Upregulation of ISG15 induced by MAPT/tau accumulation represses autophagic flux by inhibiting HDAC6 activity: a vicious cycle in Alzheimer disease

Qian Liu; Xin Wang; Zhi-Ting Fang; Jun-Ning Zhao; Xue-Xiang Rui; Bing-Ge Zhang; Ye He; Rui-Juan Liu; Jian Chen; Gao-Shang Chai; Gong-Ping Liu

doi:10.1080/15548627.2024.2431472

Upregulation of ISG15 induced by MAPT/tau accumulation represses autophagic flux by inhibiting HDAC6 activity: a vicious cycle in Alzheimer disease

Autophagy. 2024 Dec 24:1-20. doi: 10.1080/15548627.2024.2431472. Online ahead of print.

Authors

Qian Liu^{1

2}, Xin Wang³, Zhi-Ting Fang¹, Jun-Ning Zhao¹, Xue-Xiang Rui¹, Bing-Ge Zhang¹, Ye He¹, Rui-Juan Liu¹, Jian Chen⁴, Gao-Shang Chai⁵, Gong-Ping Liu^{1

2

6}

Affiliations

¹ Department of Pathophysiology, School of Basic Medicine, Key Laboratory of Education Ministry of China/Hubei Province for Neurological Disorders, Tongji Medical College, Huazhong University of Science and Technology, Wuhan, China.
² Co-innovation Center of Neuroregeneration, Nantong University, Nantong, Jiangsu, China.
³ Department of Dermatology, Union Hospital, Tongji Medical College, Huazhong University of Science and Technology, Wuhan, China.
⁴ Department of Cardiology, Union Hospital, Tongji Medical College, Huazhong University of Science and Technology, Wuhan, China.
⁵ MOE Medical Basic Research Innovation Center for Gut Microbiota and Chronic Diseases, Department of Fundamental Medicine, Wuxi School of Medicine, Jiangnan University, Wuxi, Jiangsu, China.
⁶ Key Laboratory of Modern Toxicology of Shenzhen, Shenzhen Medical Key Subject of Modern Toxicology, Shenzhen Center for Disease Control and Prevention, Shenzhen, China.

PMID: 39635882
DOI: 10.1080/15548627.2024.2431472

Abstract

Alzheimer disease (AD), a prevalent neurodegenerative condition in the elderly, is marked by a deficit in macroautophagy/autophagy, leading to intracellular MAPT/tau accumulation.

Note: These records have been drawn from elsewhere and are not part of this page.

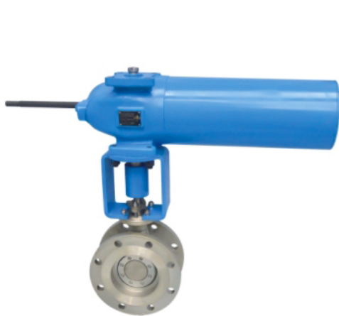
Pneumatic Metal-To-Metal Triple Offset Butterfly Valve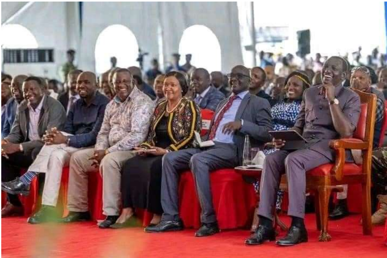
Figure 1 Official opening of Sebit cement factory

The County Executive is mandated to provide overall County leadership in the implementation of County economic and social policies by ensuring the Government works in harmony through improved policy direction, coordination, and information sharing among the County Government Departments and Agencies. The Public Service Management is mandated to coordinate effective county administration and provision of quality public services, effective and efficient management of human resources, County records management services, legal services and public Communication. Also mandated to provide leadership, coordination and policy direction on early warning system, disaster preparedness and communication, early response and livelihood recovery for sustainable development. The other directorates support in cash crop development, dairy development, resource mobilization, attracting foreign and domestic investment and promoting peace building and harmonious coexistence among various communities within and outside the county.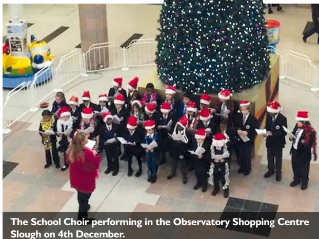
The School Choir performing in the Observatory Shopping Centre Slough on 4th December.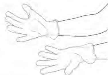
6. Once gloved, hands should not touch anything else that is not defined by indications and conditions for glove use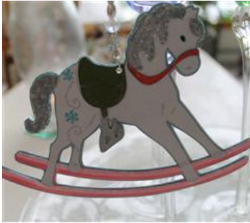
Completed Project shows colors for layers

Horse-s @4.5 (flip-h) dark green - use Hide Conture to hide reins,tail,mane and forelock *93 106 24

While ISG15 (ISG15 ubiquitin like modifier) has been identified as a regulator of selective autophagy in ataxia telangiectasia (A-T), its role in AD remains unexplored. Our study reveals elevated ISG15 levels in the brains of patients with sporadic AD and AD models in vivo and in vitro. ISG15 overexpression in cells and the hippocampus inhibited HDAC6 (histone deacetylase 6) activity through C-terminal LRLRGG binding to HDAC6. Consequently, this increased CTTN (cortactin) acetylation, disrupted CTTN and F-actin recruitment to lysosomes, and impaired autophagosome (AP)-lysosome (LY) fusion. These disruptions led to MAPT/tau accumulation, synaptic damage, neuronal loss, and cognitive deficits. Conversely, ISG15 knockdown in our HsMAPT (human MAPT) pathology model restored HDAC6 activity, promoted AP-LY fusion, and improved cognitive function. This study identifies ISG15 as a key regulator of autophagic flux in AD, suggesting that targeting ISG15-mediated autophagy could offer therapeutic potential for AD.Abbreviation: AAV: adeno-associated virus; AD: Alzheimer disease; ALP: autophagy-lysosomal pathway; ANOVA: analysis of variance; AP: autophagosome; BafA1: bafilomycin A₁; CHX: cycloheximide; CQ: chloroquine; CTTN: cortactin; FC: fear conditioning; GAPDH: glyceraldehyde-3-phosphate dehydrogenase; GRIN/NMDARs: N-methyl-D-aspartate glutamate ionotropic receptor NMDA types; HDAC6: histone deacetylase 6; HEK293: human embryonic kidney 293; HsMAPT: human MAPT; IF: immunofluorescence; IHC: immunohistochemistry; IP: immunoprecipitation; ISG15: ISG15 ubiquitin like modifier; LAMP1: lysosomal associated membrane protein 1; LY: lysosome; MAPT: microtubule associated protein tau; MAP1LC3/LC3: microtubule associated protein 1 light chain 3; MWM: Morris water maze; NOR: novel object recognition; SQSTM1/p62: sequestosome 1; ZnF UBP: zinc finger ubiquitin-binding protein.

Keywords: Alzheimer disease; ISG15; MAPT; autophagy; cognition.